* _ACTIVITY_: A faithful copy of each entry below is expected, with the images removed.

☆ ☆ ☆ ☆ ☆ ☆ ☆

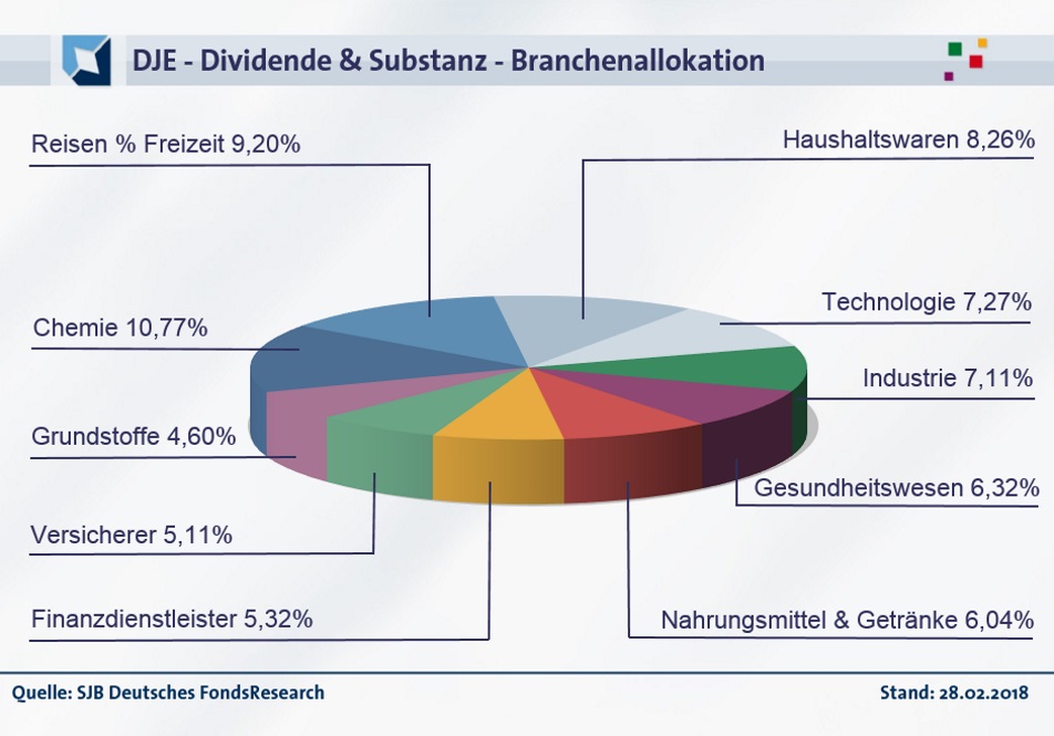 Der DJE – Dividende & Substanz verfolgt die Zielsetzung, für seine FondsAnleger einen mittel- bis langfristigen Wertzuwachs des investierten Vermögens zu erzielen, wobei die Wertsteigerung überwiegend aus Dividendenerträgen und Aktienkurssteigerungen generiert werden soll. FondsManager Dr. Jan Ehrhardt investiert überwiegend in Aktien von Unternehmen, die eine besondere Substanzstärke, eine solide Finanzbasis, hohe stabile Ausschüttungen und eine vergleichsweise günstige Bewertung aufweisen. Diese Value-Aktien werden aus einem weltweiten Anlageuniversum herausgefiltert, wobei der Schwerpunkt auf europäischen und asiatischen Aktien liegt. Prinzipiell geschieht die Zusammenstellung des Portfolios benchmarkunabhängig und frei von jeglichen Sektoren- und Ländervorgaben. Auch mit Blick auf die Marktkapitalisierung ist FondsManager Ehrhardt in seinen Investmententscheidungen frei. Bei der Auswahl der Einzelwerte werden die Unternehmen nach quantitativen und qualitativen Kriterien analysiert. Dabei stehen für Ehrhardt nicht nur die Ertragskennzahlen im Vordergrund, sondern er nutzt ein umfassendes Spektrum an Bilanzkennziffern, welche für die Auswahl substanzstarker Unternehmen von entscheidender Bedeutung sind. Ehrhardt charakterisiert seine Anlagestrategie als einen aktiven Value-Ansatz, der sich auf die Werthaltigkeit und die Fundamentaldaten der Unternehmen konzentriert. Von der Möglichkeit, auch fest und variabel verzinsliche Wertpapiere ins Portfolio aufzunehmen, macht er derzeit keinen Gebrauch: 90,94 Prozent des FondsVermögens sind in Aktien angelegt, der Kassenbestand ist per Ende Februar mit 9,06 Prozent recht hoch. Wie ist das Portfolio des Dividendenfonds im Detail zusammengesetzt?
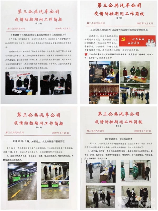 同时,将每日工作以简报形式记录,放置于各场站、卡口,在员工群发布,让领导、职工和乘客都能及时了解各项工作进行情况。简报内容包括三公司各项防控举措落实、领导督导检查、每日工作安排、各项工作要求、还包含三公司各岗位职工先锋事迹宣传,激励全体职工守土尽责,以高度政治责任感认真完成好疫情防控期间每一项工作。截至目前,三公司已发布十三期疫情防控期间工作简报。
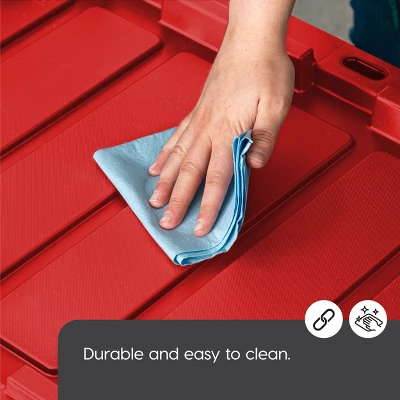 VERSATILE ORGANIZER – Storage Plastic Bin Tote Organizing Container with Durable Lid and Secure Latching Buckles preserve and protect valuables. Maximize the garage or any limited space with Made in USA Heavy-Duty tote to organize. The strong lid, body, and buckle combo blocks moisture, dust, liquids, and insects. Perfect to store and transport tools, camping gear, blankets, dog/ cat food, rice, flour, and more in or from the garage, basement, workshops, offices, construction sites, or metal shelves.BUCKLE UP – The multi-Buckle box latches strongly and securely onto the durable lid, separating the inside and outside. Perfect for storing clothes, documents, food, hunting gear, camping gear, tool storage, truck storage and other large items. STACK THEM UP – Plastic Heavy-Duty Storage Container Bin Tote has grooves on the lid and body to create a secure stacking experience. IRIS USA lid-body construction ensures stability to stack securely for easy moving, and save space in your house, apartment, condo, and in your car and truck. GREEN CIRCLE CERTIFIED and BPA FREE Plastic – Certified by Green Circle for environmentally friendly plastic airtight storage container. It is also BPA-Free plastic. Great use for organizing the pantry, garage, and basement by storing and protecting rice, flour, canned goods, spices, seasonings, snacks, pasta, pet food, and etc. GREEN CIRCLE CERTIFIED and BPA FREE Plastic – Certified by Green Circle for environmentally friendly plastic airtight storage container. It is also BPA-Free plastic. Great use for organizing the pantry, garage, and basement by storing and protecting rice, flour, canned goods, spices, seasonings, snacks, pasta, pet food, and etc.
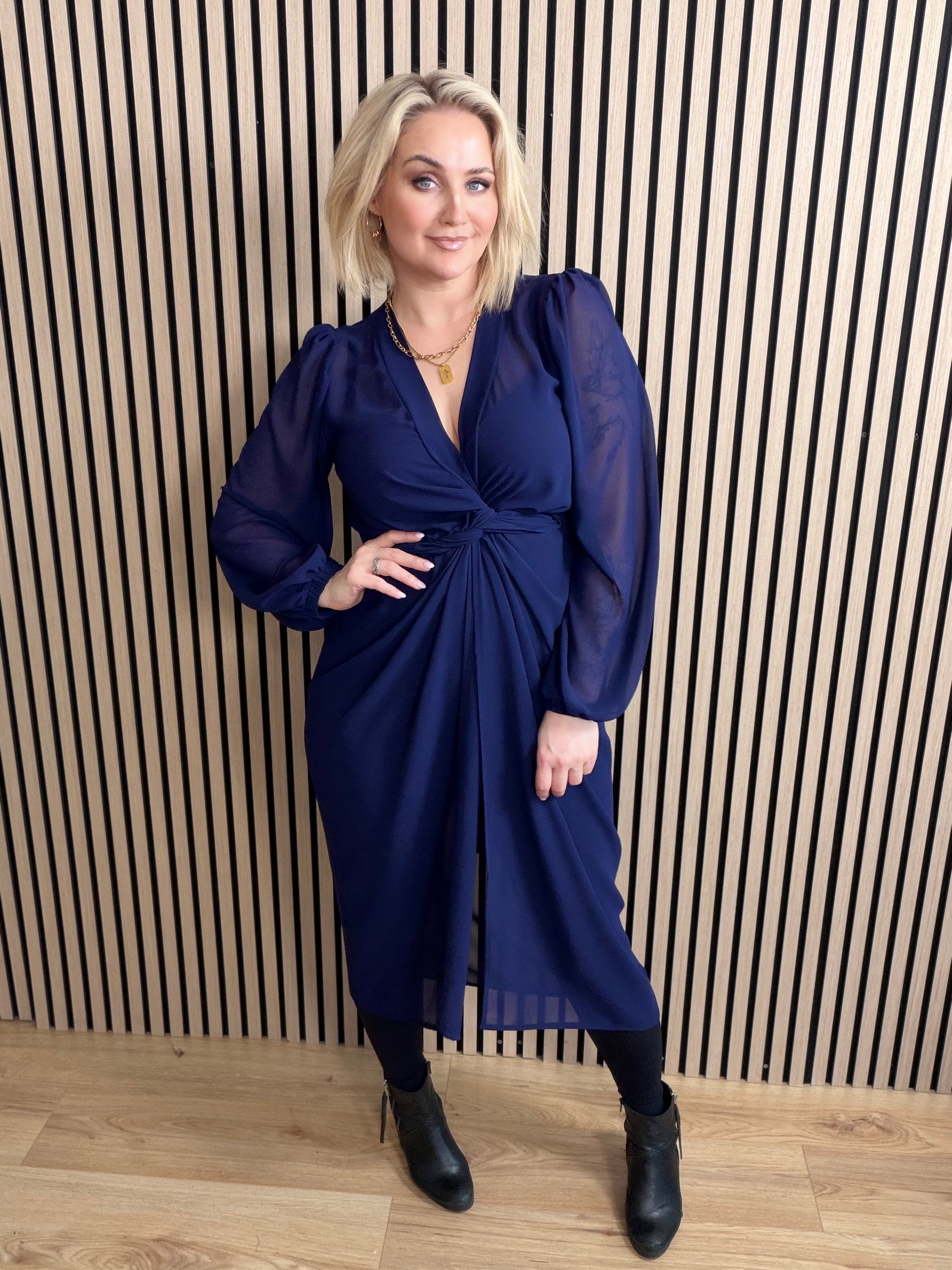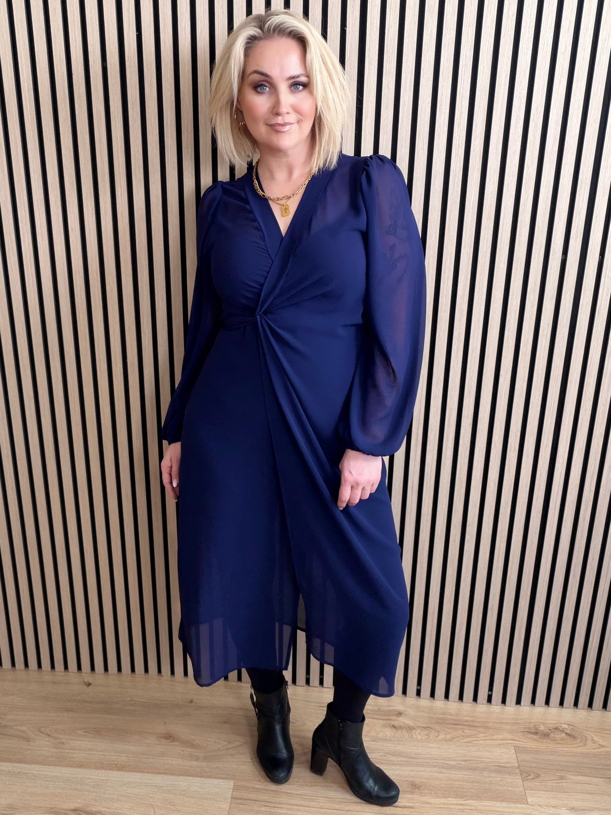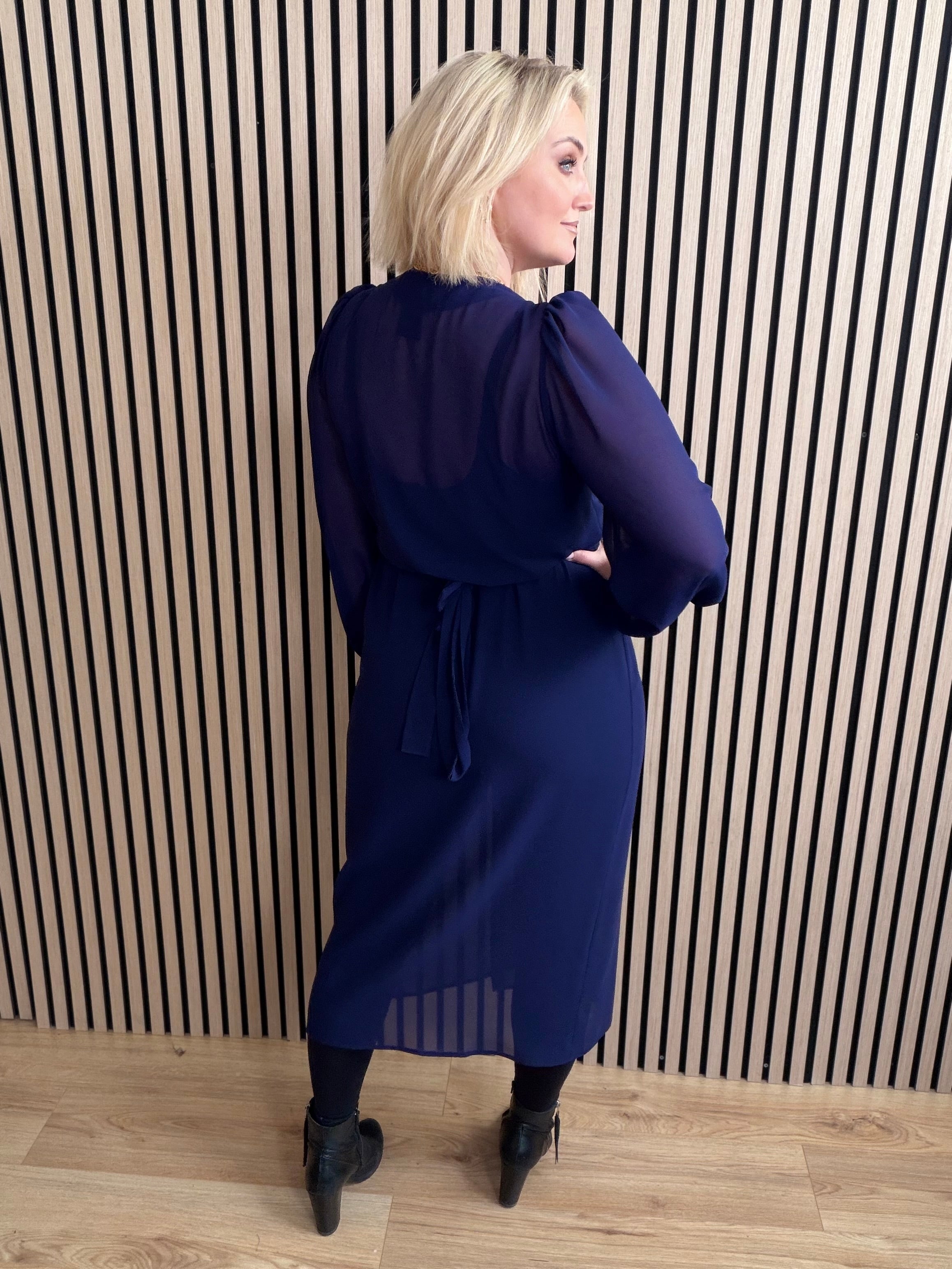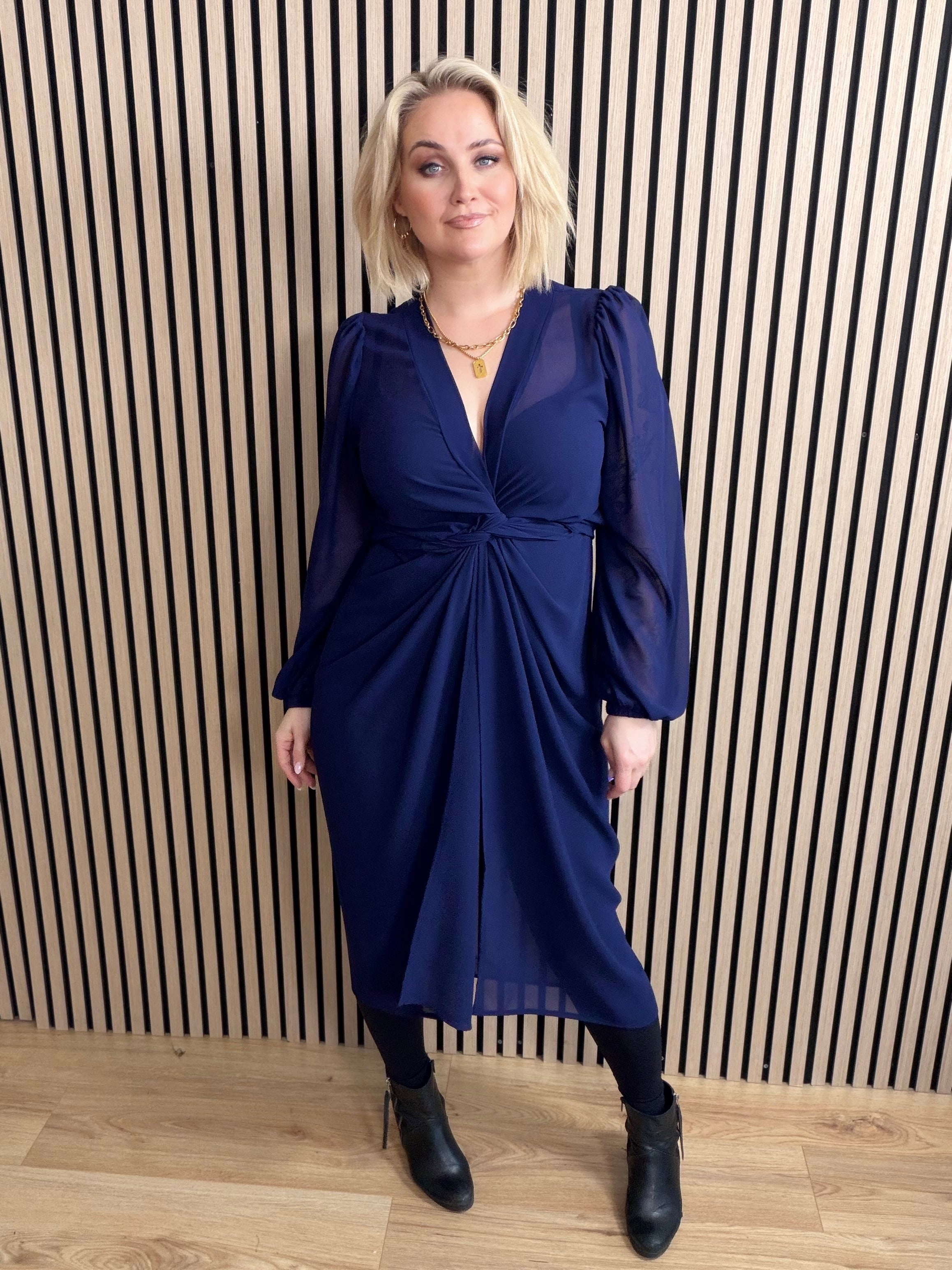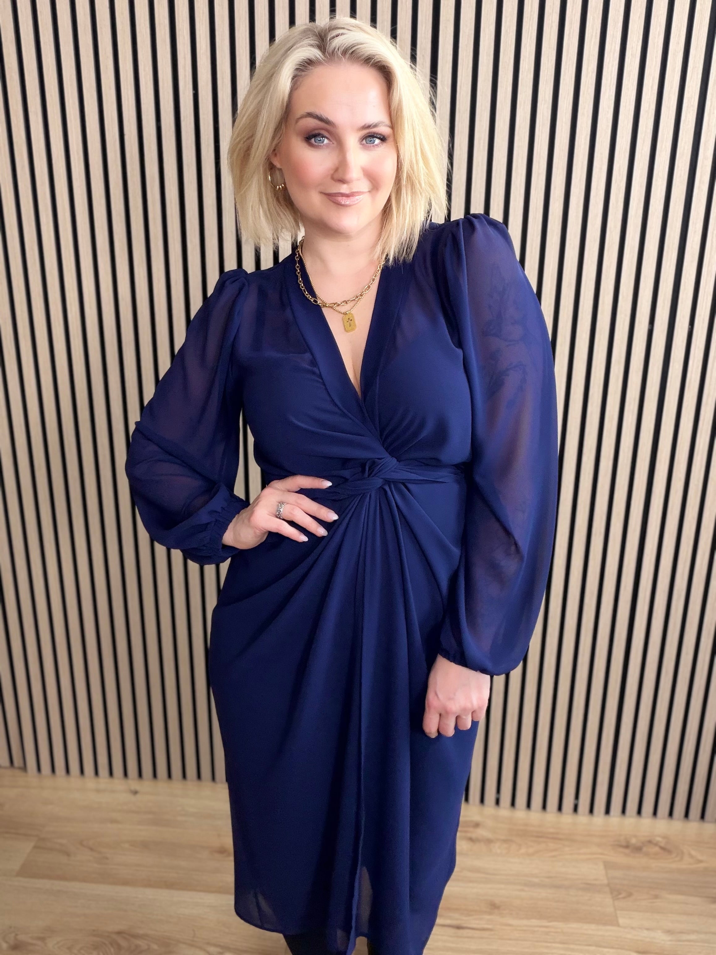 Einstaklega sparilegur og fallegur sem þó er auðvelt að klæða upp og niður. Kjóllinn er bundinn á misvíxl til að fá sem mesta lokun en einnig er hægt að rykkja hann meira saman og vera með slaufuna að framan eða í hlið og þá er mittið enn ýktara. Eða snúa frampörtunum um hvorn annan og lengja þannig hálsmálið og binda að framan eða aftan.
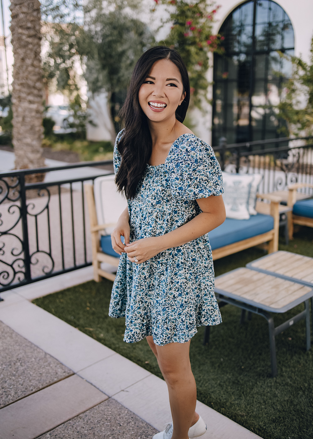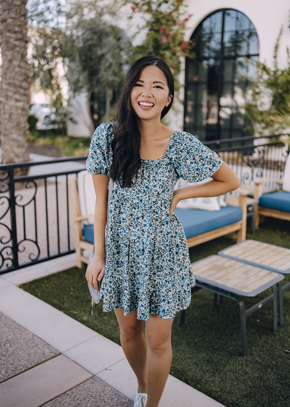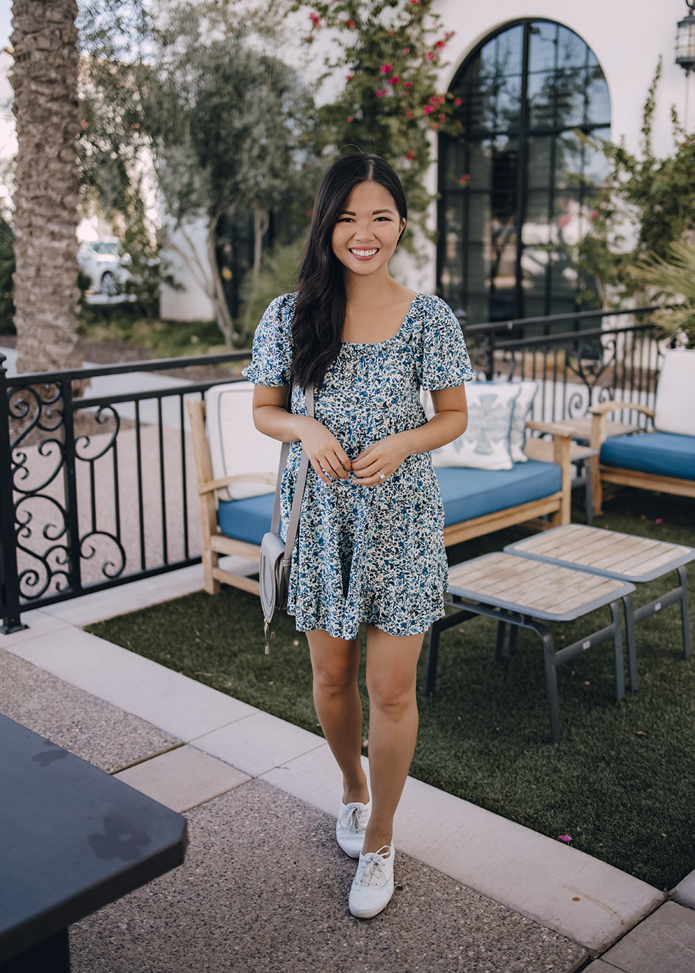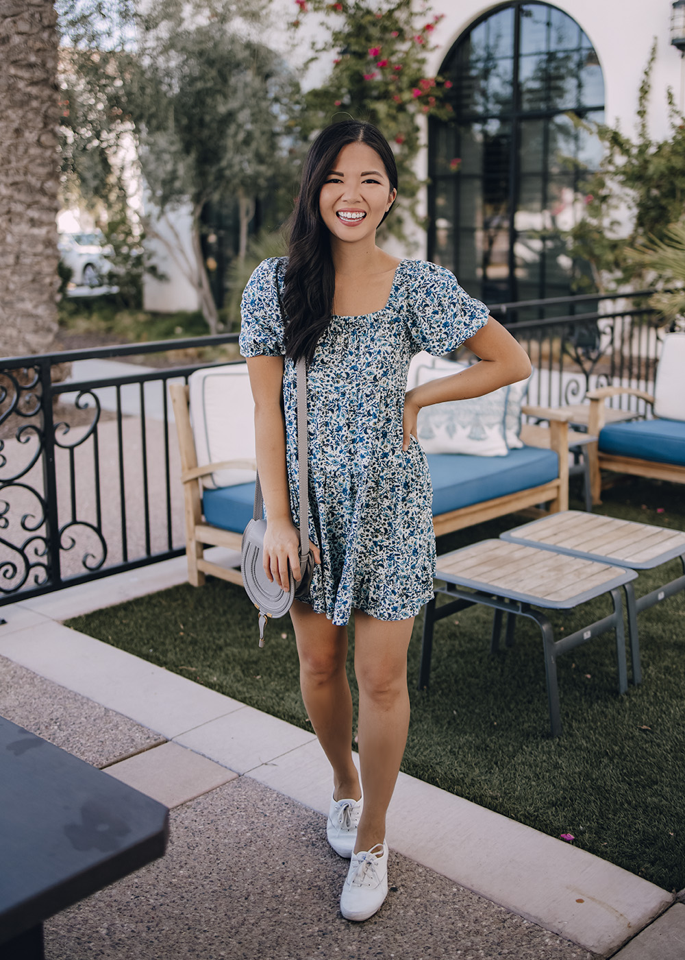 Blue Floral Dress with Puff Sleeves (XS – only $25) / Chloe Marcie Crossbody Bag / White Leather Sneakers (6.5 TTS) / Charlotte Tilbury Lipstick in ‘Pillow Talk’

☆ ☆ ☆ ☆ ☆ ☆ ☆

* _SOLVED EXERCISE_:
 Der DJE – Dividende & Substanz verfolgt die Zielsetzung, für seine FondsAnleger einen mittel- bis langfristigen Wertzuwachs des investierten Vermögens zu erzielen, wobei die Wertsteigerung überwiegend aus Dividendenerträgen und Aktienkurssteigerungen generiert werden soll. FondsManager Dr. Jan Ehrhardt investiert überwiegend in Aktien von Unternehmen, die eine besondere Substanzstärke, eine solide Finanzbasis, hohe stabile Ausschüttungen und eine vergleichsweise günstige Bewertung aufweisen. Diese Value-Aktien werden aus einem weltweiten Anlageuniversum herausgefiltert, wobei der Schwerpunkt auf europäischen und asiatischen Aktien liegt. Prinzipiell geschieht die Zusammenstellung des Portfolios benchmarkunabhängig und frei von jeglichen Sektoren- und Ländervorgaben. Auch mit Blick auf die Marktkapitalisierung ist FondsManager Ehrhardt in seinen Investmententscheidungen frei. Bei der Auswahl der Einzelwerte werden die Unternehmen nach quantitativen und qualitativen Kriterien analysiert. Dabei stehen für Ehrhardt nicht nur die Ertragskennzahlen im Vordergrund, sondern er nutzt ein umfassendes Spektrum an Bilanzkennziffern, welche für die Auswahl substanzstarker Unternehmen von entscheidender Bedeutung sind. Ehrhardt charakterisiert seine Anlagestrategie als einen aktiven Value-Ansatz, der sich auf die Werthaltigkeit und die Fundamentaldaten der Unternehmen konzentriert. Von der Möglichkeit, auch fest und variabel verzinsliche Wertpapiere ins Portfolio aufzunehmen, macht er derzeit keinen Gebrauch: 90,94 Prozent des FondsVermögens sind in Aktien angelegt, der Kassenbestand ist per Ende Februar mit 9,06 Prozent recht hoch. Wie ist das Portfolio des Dividendenfonds im Detail zusammengesetzt?
 同时,将每日工作以简报形式记录,放置于各场站、卡口,在员工群发布,让领导、职工和乘客都能及时了解各项工作进行情况。简报内容包括三公司各项防控举措落实、领导督导检查、每日工作安排、各项工作要求、还包含三公司各岗位职工先锋事迹宣传,激励全体职工守土尽责,以高度政治责任感认真完成好疫情防控期间每一项工作。截至目前,三公司已发布十三期疫情防控期间工作简报。
 VERSATILE ORGANIZER – Storage Plastic Bin Tote Organizing Container with Durable Lid and Secure Latching Buckles preserve and protect valuables. Maximize the garage or any limited space with Made in USA Heavy-Duty tote to organize. The strong lid, body, and buckle combo blocks moisture, dust, liquids, and insects. Perfect to store and transport tools, camping gear, blankets, dog/ cat food, rice, flour, and more in or from the garage, basement, workshops, offices, construction sites, or metal shelves.BUCKLE UP – The multi-Buckle box latches strongly and securely onto the durable lid, separating the inside and outside. Perfect for storing clothes, documents, food, hunting gear, camping gear, tool storage, truck storage and other large items. STACK THEM UP – Plastic Heavy-Duty Storage Container Bin Tote has grooves on the lid and body to create a secure stacking experience. IRIS USA lid-body construction ensures stability to stack securely for easy moving, and save space in your house, apartment, condo, and in your car and truck. GREEN CIRCLE CERTIFIED and BPA FREE Plastic – Certified by Green Circle for environmentally friendly plastic airtight storage container. It is also BPA-Free plastic. Great use for organizing the pantry, garage, and basement by storing and protecting rice, flour, canned goods, spices, seasonings, snacks, pasta, pet food, and etc. GREEN CIRCLE CERTIFIED and BPA FREE Plastic – Certified by Green Circle for environmentally friendly plastic airtight storage container. It is also BPA-Free plastic. Great use for organizing the pantry, garage, and basement by storing and protecting rice, flour, canned goods, spices, seasonings, snacks, pasta, pet food, and etc.
 Einstaklega sparilegur og fallegur sem þó er auðvelt að klæða upp og niður. Kjóllinn er bundinn á misvíxl til að fá sem mesta lokun en einnig er hægt að rykkja hann meira saman og vera með slaufuna að framan eða í hlið og þá er mittið enn ýktara. Eða snúa frampörtunum um hvorn annan og lengja þannig hálsmálið og binda að framan eða aftan.
 Blue Floral Dress with Puff Sleeves (XS – only $25) / Chloe Marcie Crossbody Bag / White Leather Sneakers (6.5 TTS) / Charlotte Tilbury Lipstick in ‘Pillow Talk’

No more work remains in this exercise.